In countries where it is not customary, and doctors know more about the foreskin than how to cut it off, the lifetime risk of circumcision is one in thousands.
etnik etnuk
Tue Mar 16 2010 18:58
Why fool around? Cut it all off! I'm sure medical "science" can come up with some kind of realistic (looking, not feeling) prosthesis.

Seriously, it's incredible that we're having this discussion at all. It's a testament to the outright barbarism of this society. Children deserve better.

BillyBloggs
Wed Dec 2 2009 12:16
So you would also deny relief to someone with a phimotic foreskin where circumcision is the only long term cure?
ERIC W.
Sun Nov 29 2009 16:02
Bravo!!

So many Americans have been duped by the medical profession as to the so-called "benefits" of male genital mutilation, called circumcision.

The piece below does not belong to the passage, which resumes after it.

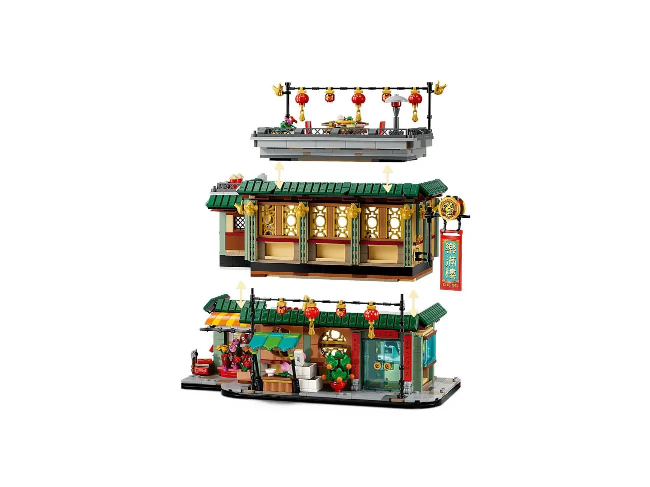 For that $130 price tag and 1,823 piece count, 80113 is the Minifigure heavy set of the wave. A total of 13 LEGO Minifigures are included in the set including 2 parents, 2 children, 2 grandparents, a tourist, a couple, a chef, 2 waiters and a figure in a Year of the Dragon costume. They all come together to celebrate Chinese New Year in this Chinese Restaurant with some beautiful building techniques used to create this Chinese architecture.

It should be as illegal to perpetrate on male minors as it is for females. Genital mutilation is genital mutilation, regardless of the sex of the victim.

And as far as looking the same as daddy, children don't have pubic hair.

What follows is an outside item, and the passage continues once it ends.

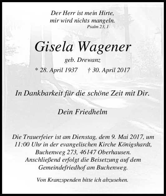 †30.04.2017, Ruhestätte: Gemeindefriedhof am Buchenweg

My own father was non-circumcised, and it was never an issue, until he was dead, and then I discovered what the mutilation of circumcision had done to me.

Why is it that doctors do not disclose and in fact suppress the adverse effects and complications resulting from the mutilation of circumcision? Obviously they're afraid of the truth, and don't want to discourage anyone from mutilating their sons by circumcision, as doctors make money from it, and are very frequently members of the religions that try to impose circumcision on all males. Gee, do you think that they might be biased?

Circumcision is a fraud and a hoax.

A foreskin is not a birth defect; it is a birthright.